Nothing outside the lines below from the one containing "Быстровозводимый (Обшитый) склад" through the one containing "These pink palazzos" is to be printed; print those exactly, ends included, and drop the pictures.

• Provided data:
------------------------------------
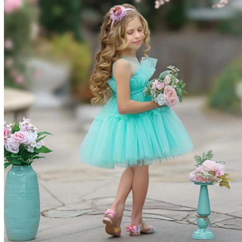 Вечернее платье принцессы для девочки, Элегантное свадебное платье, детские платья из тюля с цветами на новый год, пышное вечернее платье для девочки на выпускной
------------------------------------
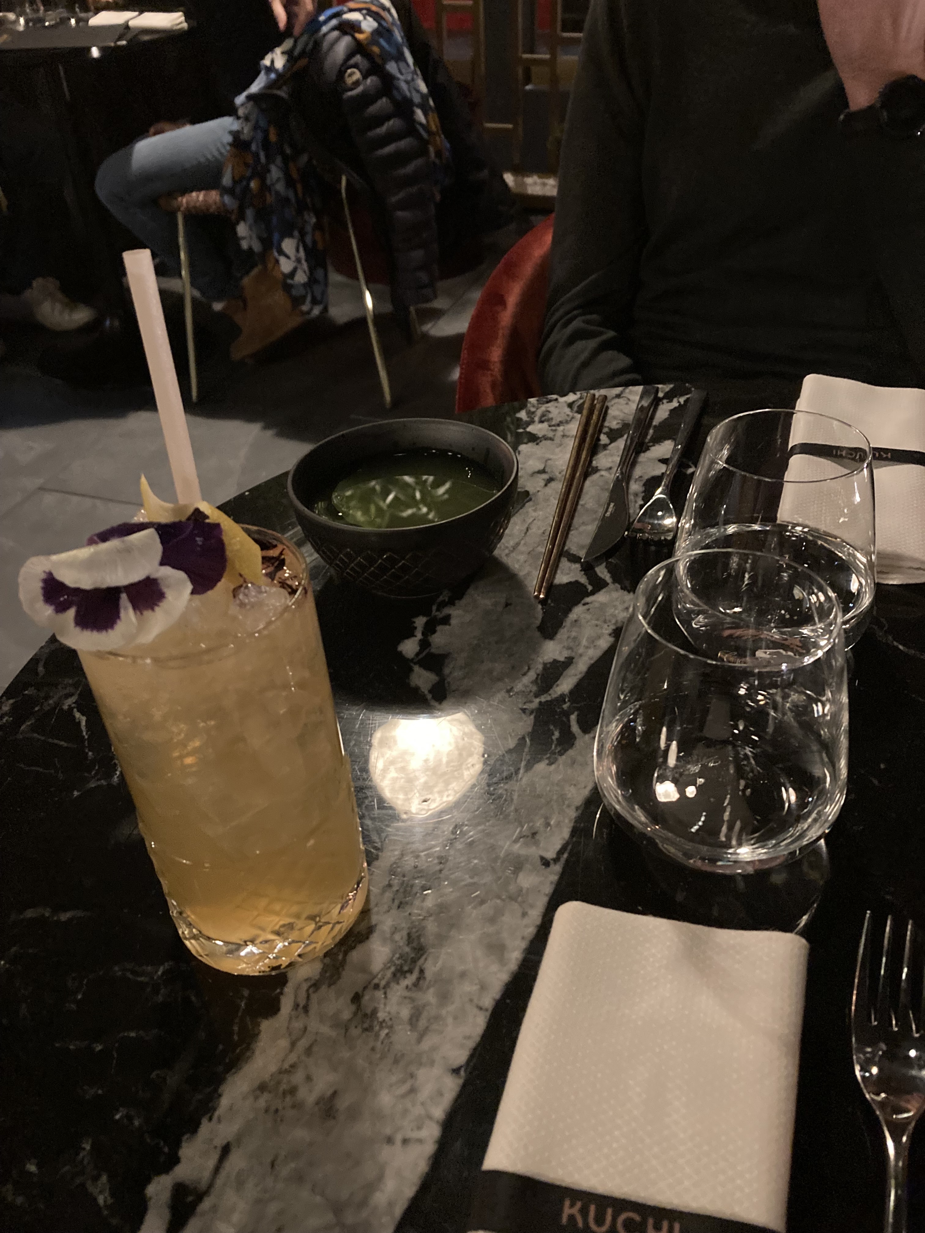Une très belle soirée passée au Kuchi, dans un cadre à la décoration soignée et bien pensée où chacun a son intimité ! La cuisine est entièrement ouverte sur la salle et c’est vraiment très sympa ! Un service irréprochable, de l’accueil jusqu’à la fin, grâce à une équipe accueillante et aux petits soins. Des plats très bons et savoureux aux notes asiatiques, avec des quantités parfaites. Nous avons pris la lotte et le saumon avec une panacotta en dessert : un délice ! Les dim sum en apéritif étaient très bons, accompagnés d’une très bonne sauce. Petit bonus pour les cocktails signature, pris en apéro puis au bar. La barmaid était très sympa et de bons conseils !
------------------------------------
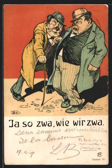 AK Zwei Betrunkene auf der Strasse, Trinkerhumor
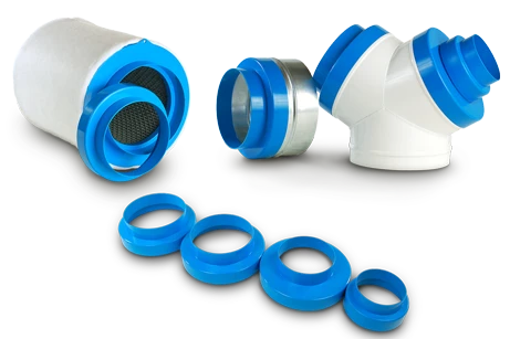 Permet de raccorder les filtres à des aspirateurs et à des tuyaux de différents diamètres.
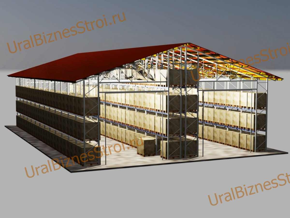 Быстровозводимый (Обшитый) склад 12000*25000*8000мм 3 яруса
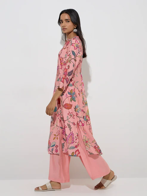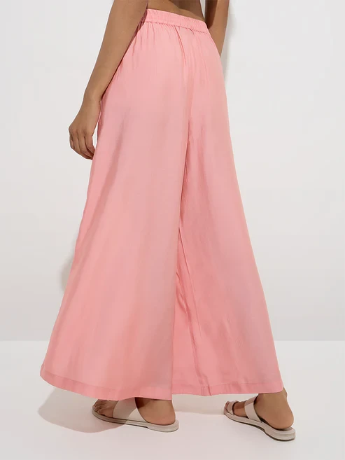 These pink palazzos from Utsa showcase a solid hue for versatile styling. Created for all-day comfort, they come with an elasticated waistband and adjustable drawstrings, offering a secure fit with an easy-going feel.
------------------------------------
• Answer to this task:
 Быстровозводимый (Обшитый) склад 12000*25000*8000мм 3 яруса
 These pink palazzos from Utsa showcase a solid hue for versatile styling. Created for all-day comfort, they come with an elasticated waistband and adjustable drawstrings, offering a secure fit with an easy-going feel.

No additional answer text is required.